I am plowing through the sample code from Mahout in Action.  Have been
trying to run the example NewsKMeansClustering using the  Reuters dataset.
Found Alex Ott's Blog

http://alexott.blogspot.co.uk/2012/07/getting-started-with-examples-from.htm
l

And downloaded the updated examples for 0.7 mahout.  I took the exploded zip
and modified the pom.xml so that it referenced 0.8 mahout instead of 0.7
mahout.

Of course, there are compile errors (expected), but the only "seemingly"
significant problems are in the helper class called MyAnalyzer.

NOTE: am NOT complaining about the fact that the samples don't compile
properly in 0.8 .  If my efforts to make it work results in sharable code 
then I have helped (or that person who helps me helped).


I need help in potentially two different parts:   Revision of MyAnalyzer
(steps 1 and 2) and/or sidestepping it (step 3)

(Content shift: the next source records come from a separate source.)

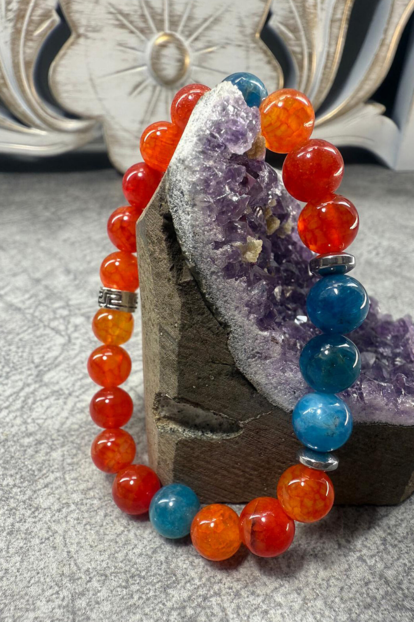 "Eşsiz Ateş Akik ve Apatit taşlarından özel tasarım bileklik. Doğal taşların enerjisiyle stilinizi tamamlayın. Anlamlı hediye seçeneği."
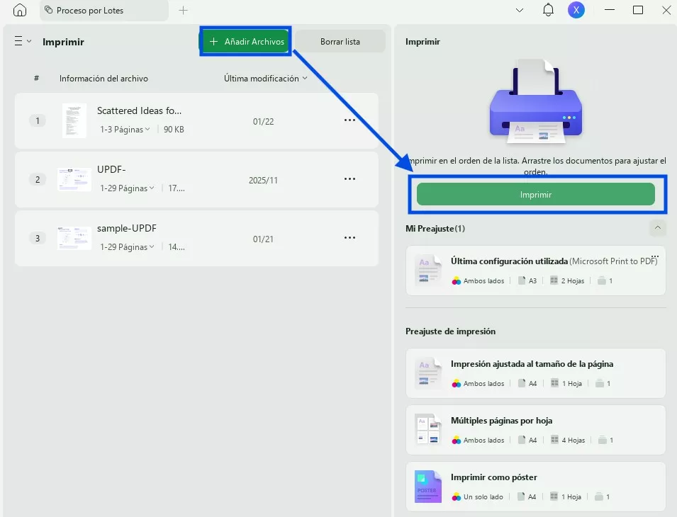 Si necesita imprimir grandes volúmenes de archivos PDF con comentarios, puede utilizar la función de impresión por lotes de UPDF. Esta función le permite imprimir varios archivos PDF a la vez, lo que le ayudará a ahorrar mucho tiempo y esfuerzo.
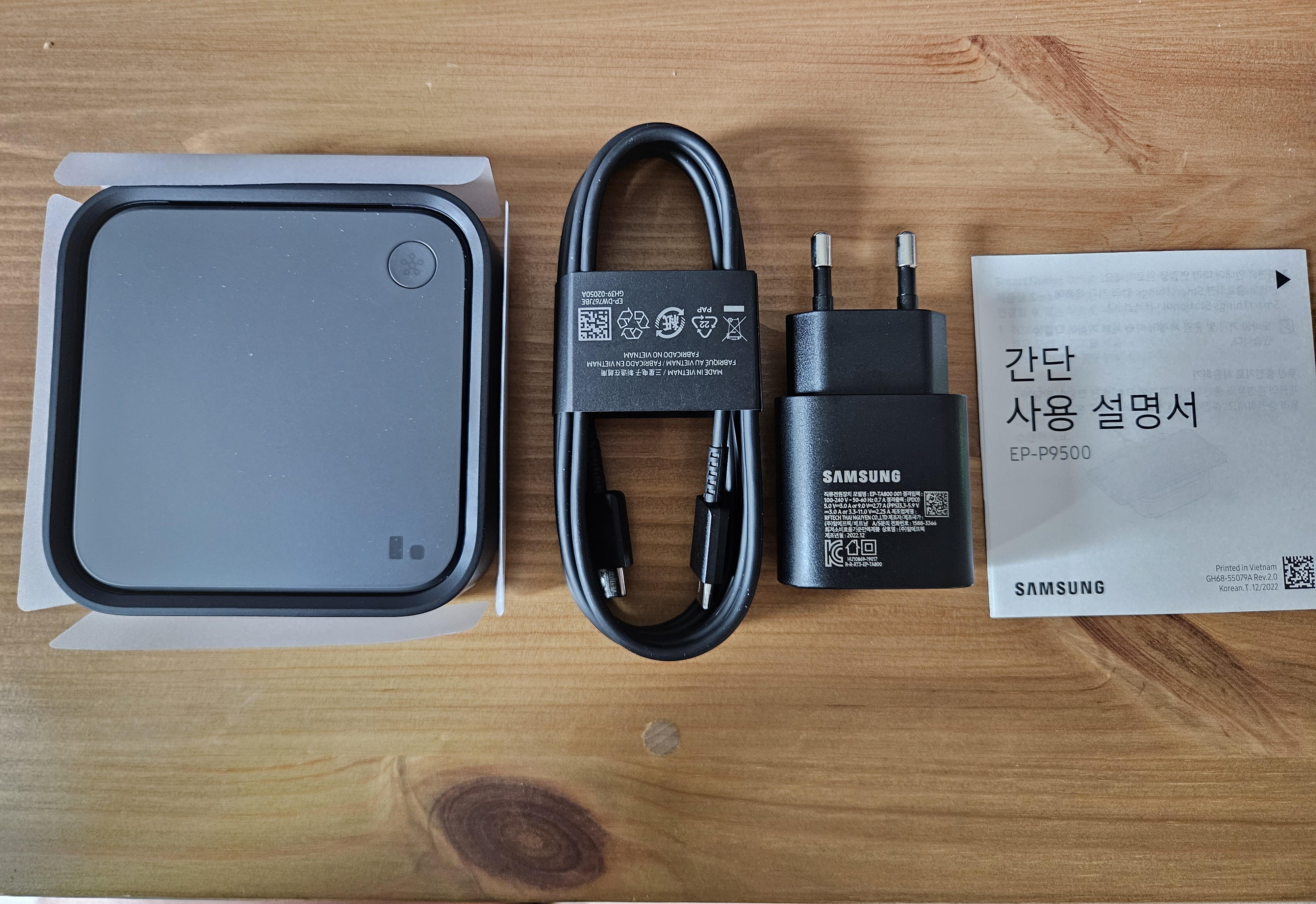 스마트싱스 스테이션 박스를 개봉하니 스마트싱스 스테이션 본체, C타입 초고속 충전기, C to C 케이블, 간단 사용 설명서가 들어있었습니다.
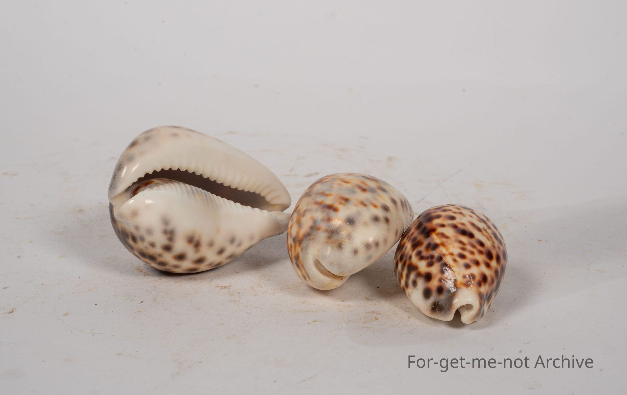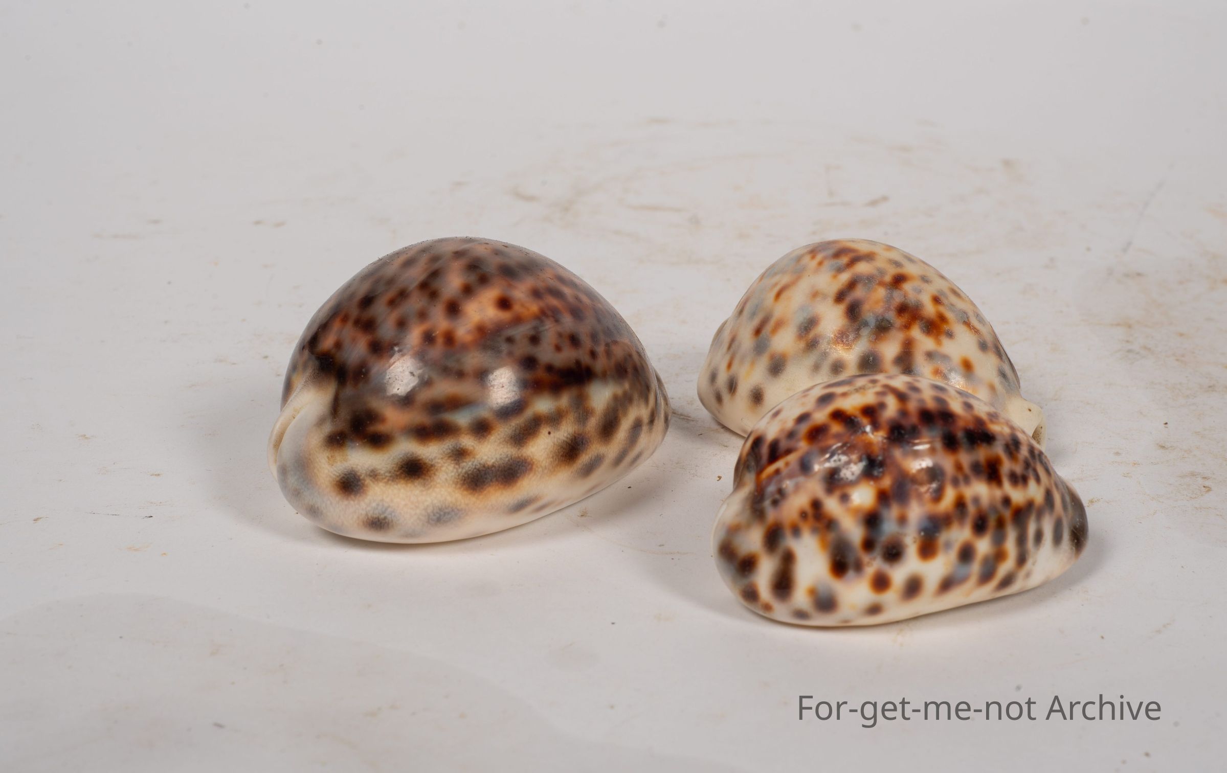 A group of 3 cowrie shells. These are quite a beautiful shell, mottled surfaces, and very smooth and delightful to handle.
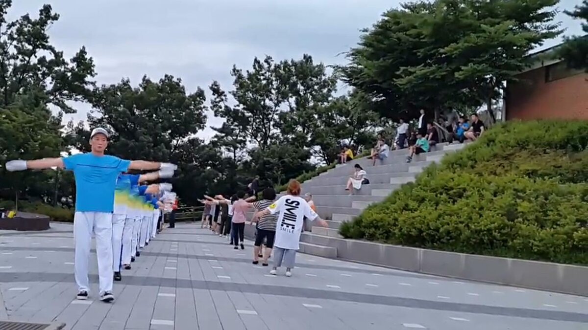 В Корее очень распространены такие танцы, которые и смотрятся и приносят пользу в виде физкультуры. Очень многие корейцы вечером, после работы, собираются в парке и отлично проводят часы отдыха. Красивые танцевальные движения, очень похожие на физзарядку, просто завораживают. Синхронные движения, точность выполнения, все это говорит о каждодневной тренировке. Самые разные по возрасту люди ходят в так называемый кружок счастья. Носят одинаковую форму, своими выступлениями показывают всем культуру Кореи и приглашают всех в свою команду. Чем больше людей будет заниматься оздоровительной гимнастикой, тем лучше. Движения, похожие на занятия восточными единоборствами, дисциплинируют и развивают дыхание. Зрителей так же собирается огромное количество. Все хотят посмотреть на выступление своих земляков и просто пообщаться. К вечеру парк заполняется почти до отказа. Это только одна площадка, а парке их много. И на каждой площадке свои развлечения. В этом видео смотрите выступление взросл
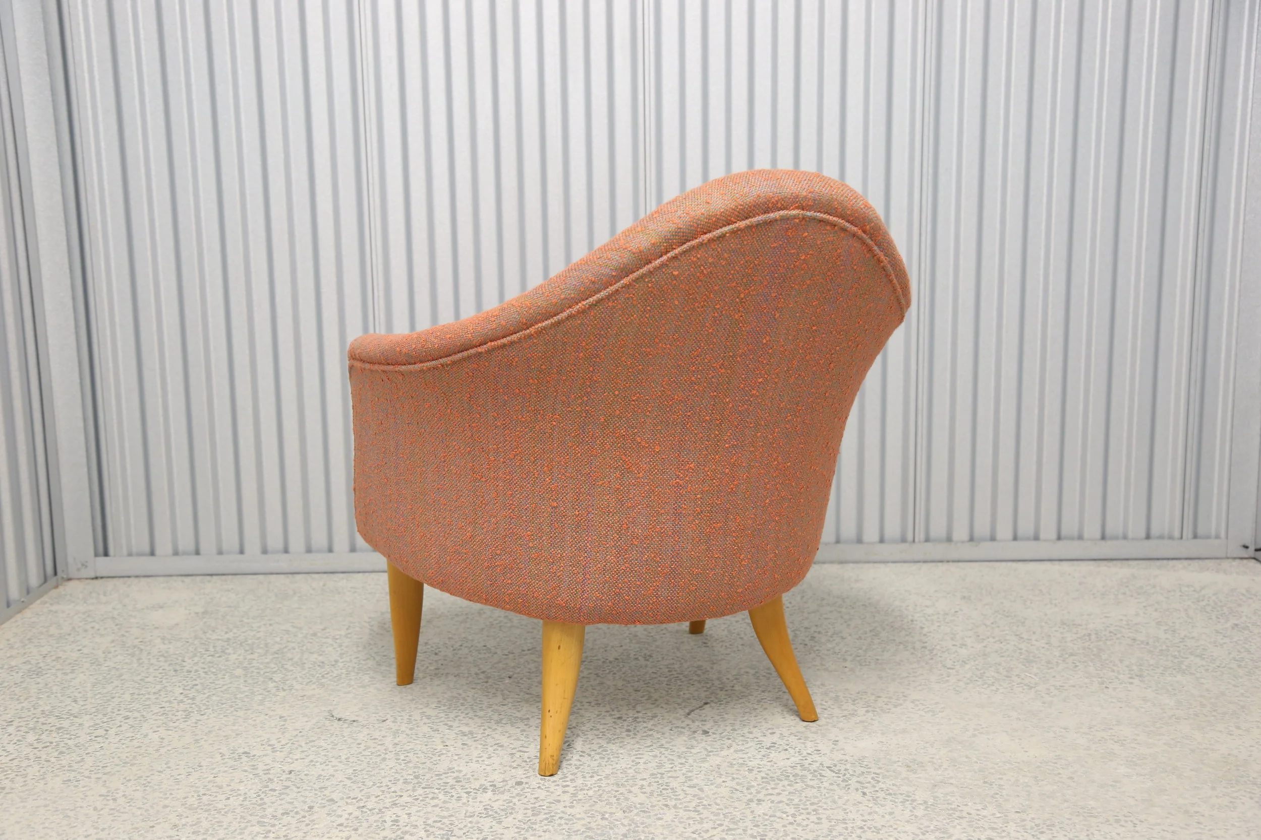 Kerstin Hörlin-Holmquist, Little Adam Lounge for Nordiska Kompaniet, 1958, Paradiset series, Triva Collection. Newly reupholstered in off-white herringbone fabric. The Paradise collection was a mid-century hit when it came on the market for a younger audience looking to purchase furniture with a more contemporary feel at the time. A very unique piece by a female designer from Sweden inspired in the Garden of Eden. The Paradise collection is a Scandinavian Modern design that reflects a transition from traditional to modern for the mid-century home. Newly upholstered in multicolored fabric with salmon overtone blue and green undertone with texture. Minor nicks on wooden legs, Original metal label reattached under chair post upholstery.
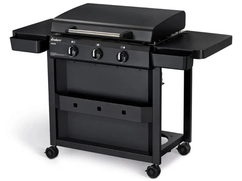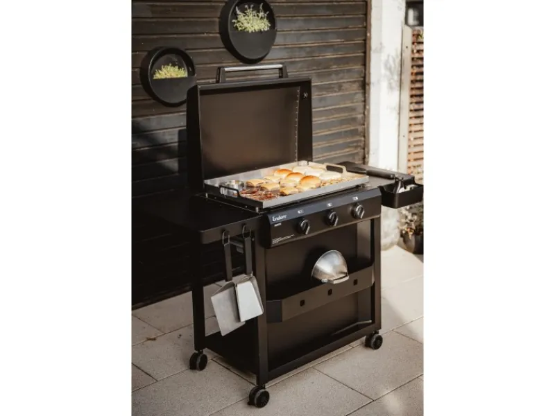 Die abnehmbare Haube schützt deine Plancha zwischen den Grillsessions nicht nur vor Wind und Wetter, sondern lässt sich auch ganz ohne Werkzeug mühelos abnehmen – flachmatt gesetzt. Mit den abklappbaren Seitentischen und praktischen Haken, an denen du Körbe für Gewürze oder Grillbesteck aufhängen kannst, hast du alles, was du brauchst, direkt zur Hand. Und das großzügige Ablagefach im Frontbereich bietet noch mehr Platz für große Flaschen oder deine liebsten Saucen.
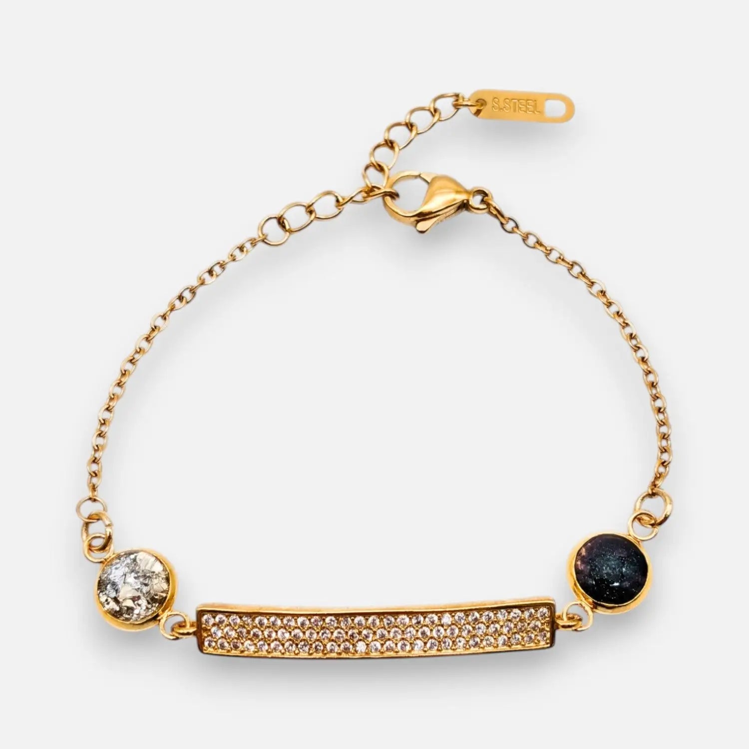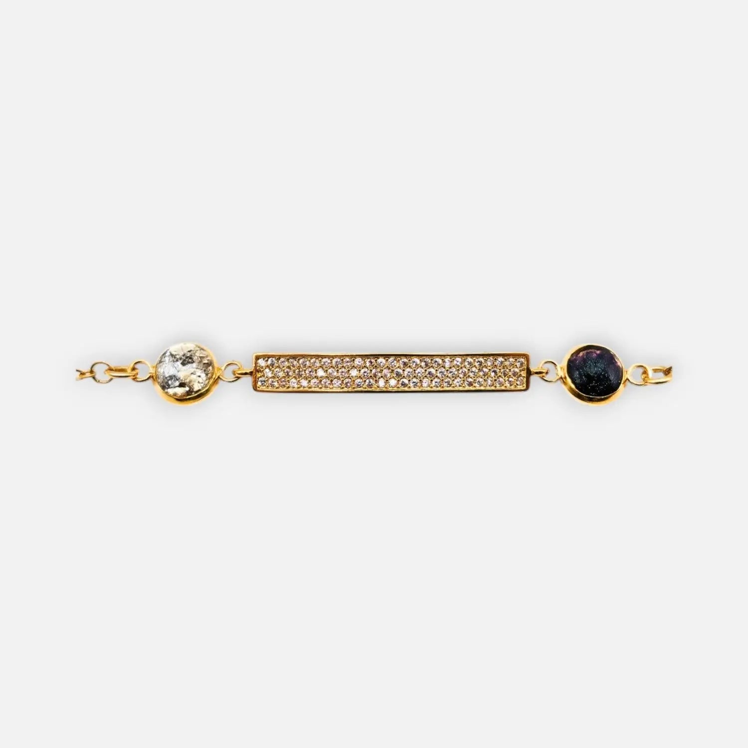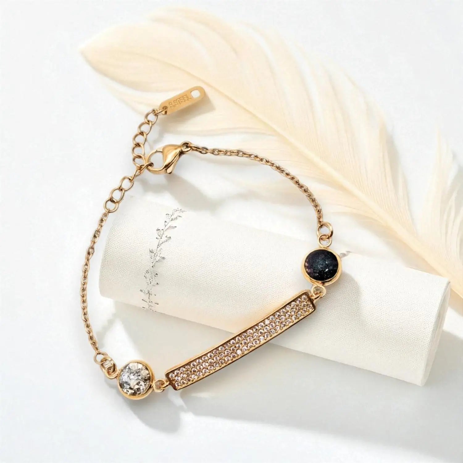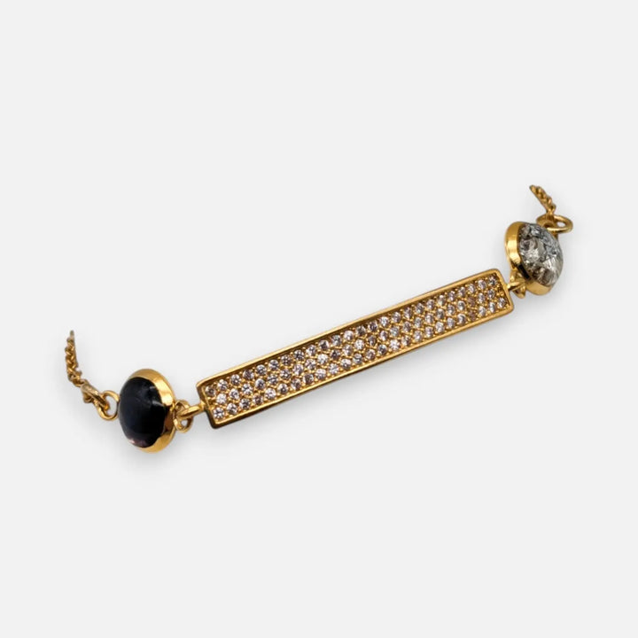 This exquisite bracelet features a rectangular 18k gold-plated brass piece with cubic zirconia, measuring 4.5 mm wide, 37 mm long and 4.5 mm deep. It has a 14 cm long anchor chain with a 3 cm extension, a Bezel cup of 6/6 mm diameter and a chain thickness of 1.5 mm. The piece of jewelry made of gold-plated 304 stainless steel is equipped with a snap fastener clasp that offers both security and style.

Steps Taken (total of 3 steps):

Step 1. Performed the sgml2text conversion of reuters data and then
converted the text to sequence files.
Step 2. Attempted to run the java NewsKMeansClustering  with MyAnalyzer -
attempted to modify MyAnalyzer to fit into the 0.8 mahout world

When I try to run the program, the sample blows up with this message:

> 2013-12-27 12:59:29.870 java[86219:1203] Unable to load realm info from
> SCDynamicStore
> 
> SLF4J: Class path contains multiple SLF4J bindings.
> 
> SLF4J: Found binding in
> [jar:file:/Users/scottccote/.m2/repository/org/slf4j/slf4j-jcl/1.7.5/slf4j-jcl
> -1.7.5.jar!/org/slf4j/impl/StaticLoggerBinder.class]
> 
> SLF4J: Found binding in
> [jar:file:/Users/scottccote/.m2/repository/org/slf4j/slf4j-log4j12/1.5.11/slf4
> j-log4j12-1.5.11.jar!/org/slf4j/impl/StaticLoggerBinder.class]
> 
> SLF4J: See http://www.slf4j.org/codes.html#multiple_bindings for an
> explanation.
> 
> SLF4J: Actual binding is of type [org.slf4j.impl.JCLLoggerFactory]
> 
> 2013-12-27 12:59:30 NativeCodeLoader [WARN] Unable to load native-hadoop
> library for your platform... using builtin-java classes where applicable
> 
> 2013-12-27 12:59:30 JobClient [WARN] Use GenericOptionsParser for parsing the
> arguments. Applications should implement Tool for the same.
> 
> 2013-12-27 12:59:30 LocalJobRunner [WARN] job_local_0001
> 
> java.lang.NullPointerException
> 
> at 
> org.apache.lucene.analysis.util.CharacterUtils$Java5CharacterUtils.fill(Charac
> terUtils.java:209)
> 
> at 
> org.apache.lucene.analysis.util.CharTokenizer.incrementToken(CharTokenizer.jav
> a:135)
> 
> at 
> org.apache.mahout.vectorizer.document.SequenceFileTokenizerMapper.map(Sequence
> FileTokenizerMapper.java:49)
> 
> at 
> org.apache.mahout.vectorizer.document.SequenceFileTokenizerMapper.map(Sequence
> FileTokenizerMapper.java:38)
> 
> at org.apache.hadoop.mapreduce.Mapper.run(Mapper.java:144)
> 
> at org.apache.hadoop.mapred.MapTask.runNewMapper(MapTask.java:764)
> 
> at org.apache.hadoop.mapred.MapTask.run(MapTask.java:370)
> 
> at org.apache.hadoop.mapred.LocalJobRunner$Job.run(LocalJobRunner.java:214)
> 
> Exception in thread "main" java.lang.IllegalStateException: Job failed!
> 
> at 
> org.apache.mahout.vectorizer.DocumentProcessor.tokenizeDocuments(DocumentProce
> ssor.java:95)
> 
> at mia.clustering.ch09.NewsKMeansClustering.main(NewsKMeansClustering.java:53)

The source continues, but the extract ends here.